The problem in the Instant case however, does not lie In the state of the law but in the application of the law to the facts as presented by the parties. The insistence by the learned counsel for the Defendants/Respondents that the Plaintiffs/Appellants became aware of the act of trespass in 1976, almost 30 years before the institution of the Plaintiffs suit based on paragraph 7 of the Plaintiffs statement of claim and the consequent finding by the learned trial Judge of the same fact based on the same paragraph 7 Is not factually borne out by the Plaintiffs averment In the said paragraph 7 of the statement of claim.

Plaintiffs/Appellants, paragraph 7 averred that the acts of trespass of the defendants in this area began when C/88/76 was pending In Court………”

From the above, and contrary to the conjecture of the learned trial Judge which fixed the act of trespass and time which the cause of action arose at 1976, the word “pending” as used in paragraph 7 of the Appellants statement of claim is a continuing verb and therefore makes indeterminate the actual time when the action arose, The word “pending” is explained in the 6th Edition of the Black’s Law Dictionary at page 1134 as follows:

“Begun but not yet completed, during before the conclusion of prior to the completion of, unsettled; undetermined, In process of settlement or adjustment…..”

The averment in the said paragraph 7 of the statement of claim, taken together with other paragraphs of the Plaintiffs/Appellants pleadings might not have been elegantly drafted, but they seem to suggest to me that the Plaintiffs/Appellants have some explanations to make as to the time when the cause of action arose.

In other words, it is the duty of the trial Court where the date when cause of action arose Is disputed not to determine it as a question of fact until evidence has been called on the issue.

In the Instant case, it is my considered opinion that the learned trial Judge would have called evidence to determine when the cause of action arose. In similar circumstances, the Court of Appeal (Ilorin Division) in the case of Alhaji Ibrahim Shuaib Kasandubu & 1 or vs. Ultimate Petroleum Ltd & 1 or (2008) 7 NWLR (pt 1086) 274 at 302 per Ogunwumiju JCA had this to say.

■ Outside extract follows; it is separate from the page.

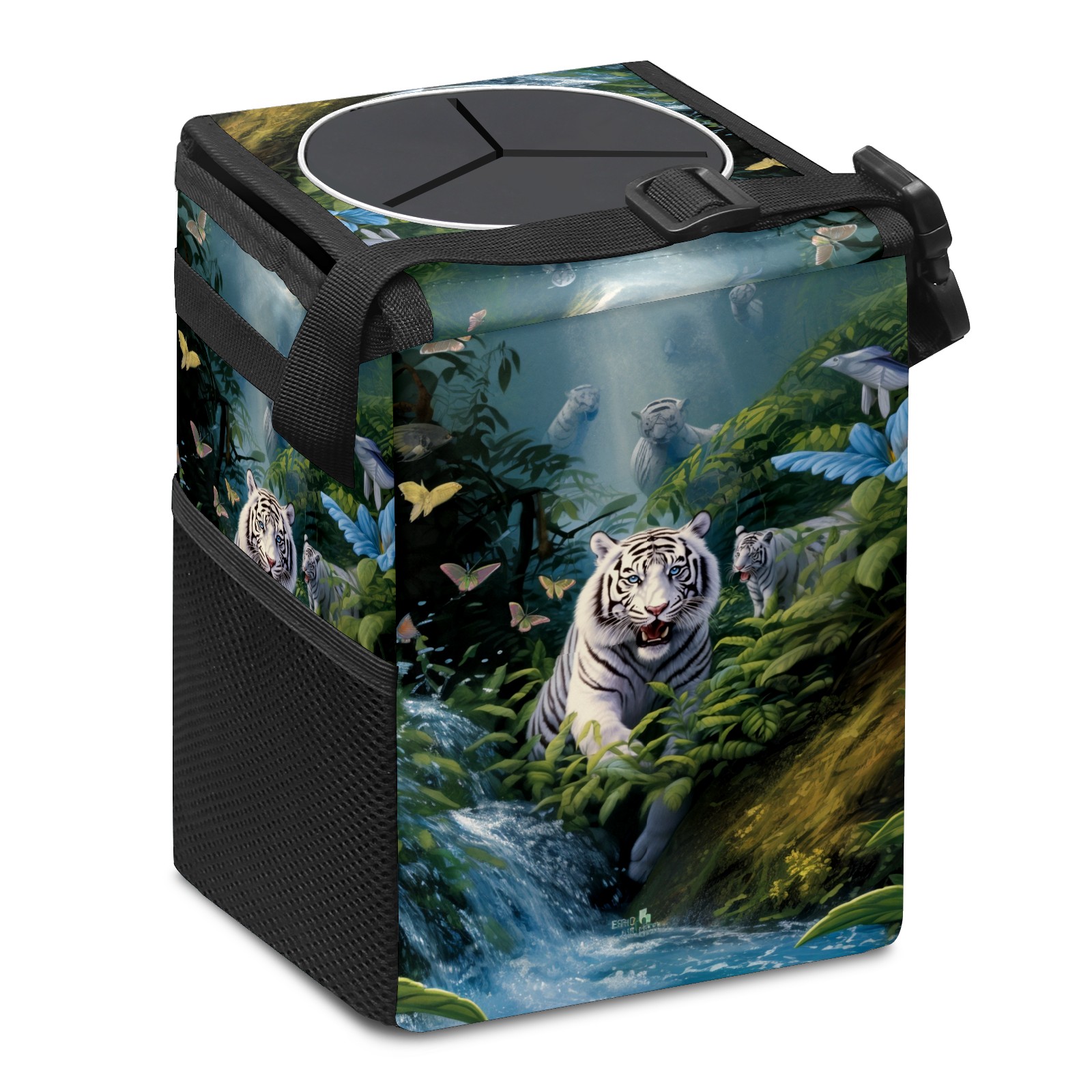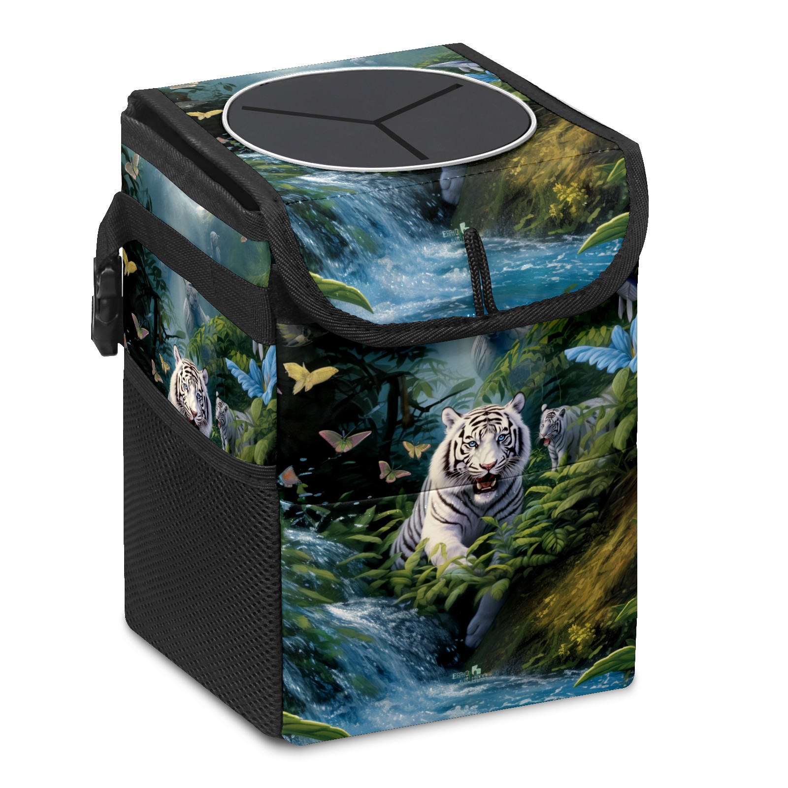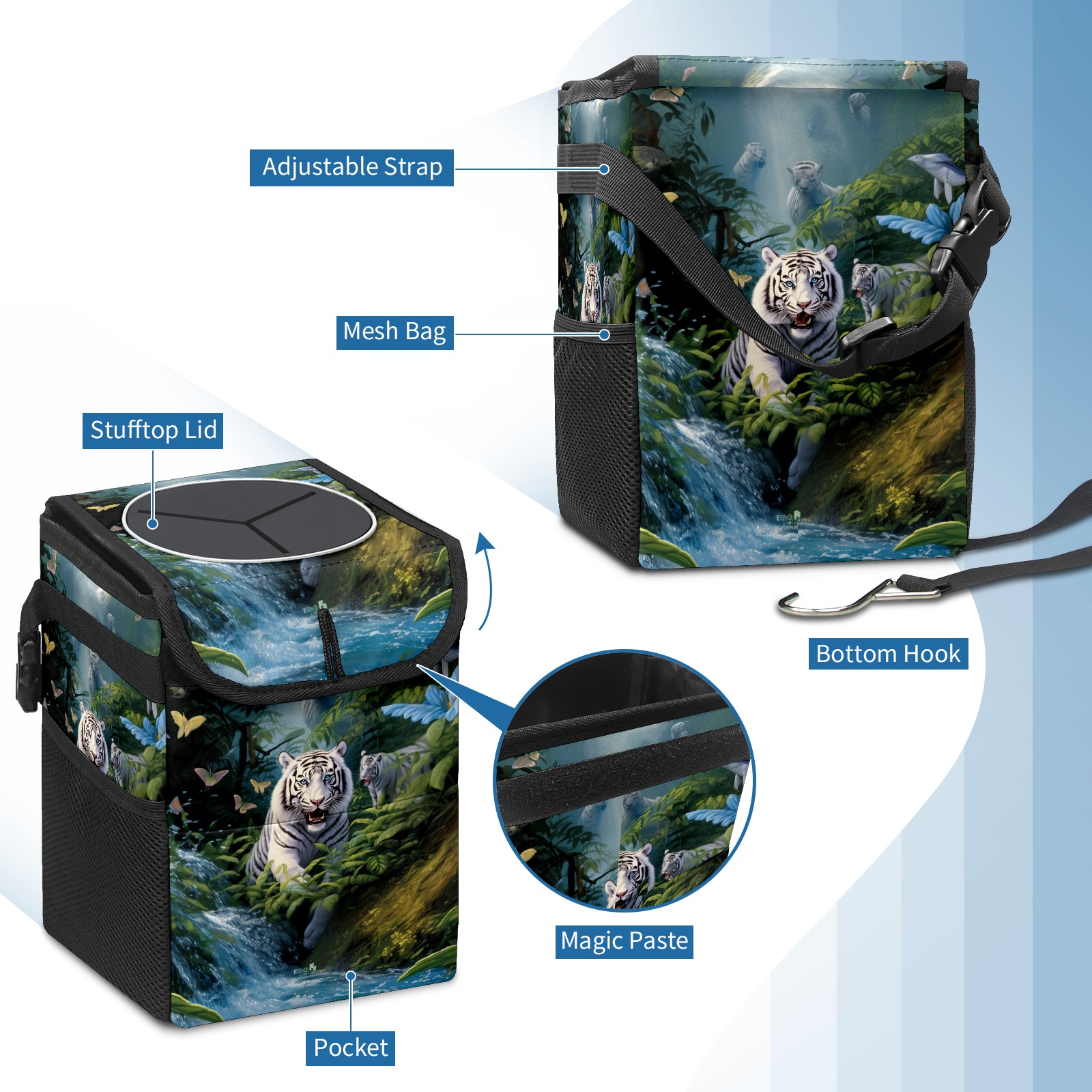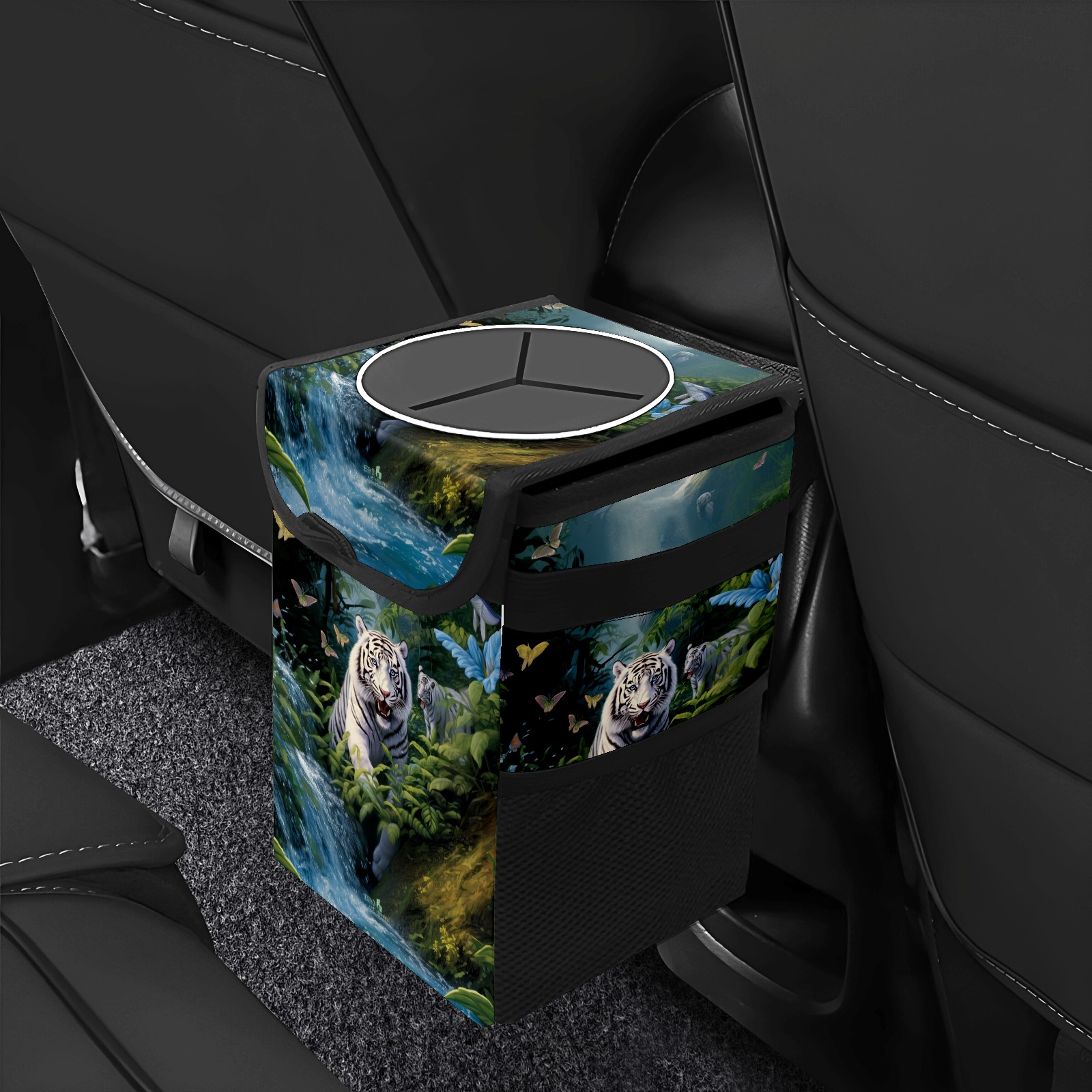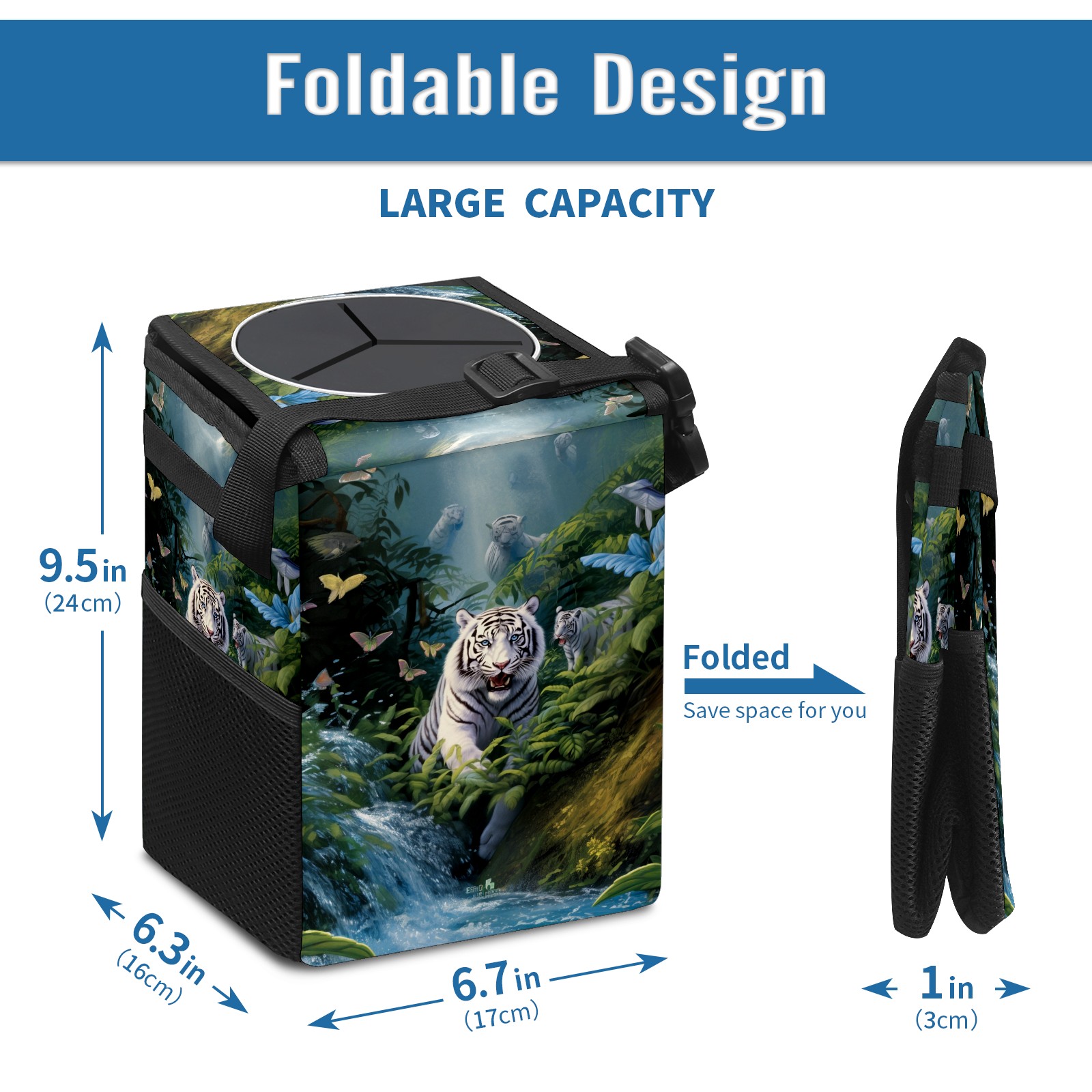 FOLDABLE & SPACE-SAVING Compact 9.5"×6.7"×6.3" size fits perfectly in any vehicle space Instantly folds flat when not in use - stores effortlessly under seats or in door pockets MULTI-FUNCTION ORGANIZER Large main compartment holds bottles, wrappers and tissues Additional pockets for wet wipes, masks or small accessories WATERPROOF & LEAKPROOF Made with premium leak-proof polyester material Contains messy spills from drinks, snacks, and food Wipe-clean surface resists stains and eliminates odors Package Includes 1× Car Trash Can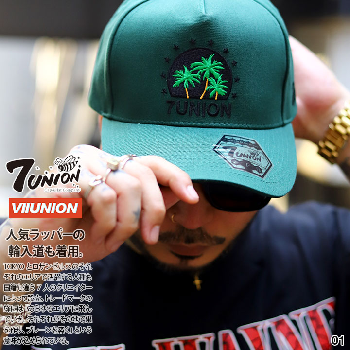 フロントパネルに、「ヤシの木」ロゴ、左サイドに「7union」のミニロゴ刺繍を施したスタイリッシュな仕上がり。

“Since there was no clear Indication of when the cause of action arose or when possession was lost by the appellants in their statement of claim, the issue of time frame on which issues are joined in the pleadings must go to trial and a proper finding of fact made by the trial court after considering evidence before him. With respect, the learned trial Judge ought not to have upheld the plea of limitation when there was no clear evidence of when the cause of action arose from the writ of summons and statement of claim- the only process he was obliged to consider”

Similarly, in the instant case, the learned trial Judge was in error to have fixed the time the cause of action arose as 1976, when in fact, it was not clear from the averments in the Appellants pleadings that the cause of action actually arose on that date.

From the above, the sole issue for determination in this appeal is resolved in favour of the Appellants. The appeal is meritorious and it succeeds. The Judgment of Okoi Itam, J. on the Plaintiffs claims in Suit No HC/219/2006 delivered on 26th July, 2007 is hereby set aside. The Plaintiffs claims in Suit No. HC/219/2006 is accordingly remitted to the Honourable the Chief Judge of Cross River State for assignment to another Judge other than Okoi Itam, J. for trial de novo.

For the avoidance of doubt, as there was no appeal on the learned trial Judge’s dismissal of the counter claim of the Defendants/Respondents, the order of dismissal of the Defendants/Respondents counter-claim remains.

There shall be cost of N10,000.00 in favour of the Appellants as against the Respondents.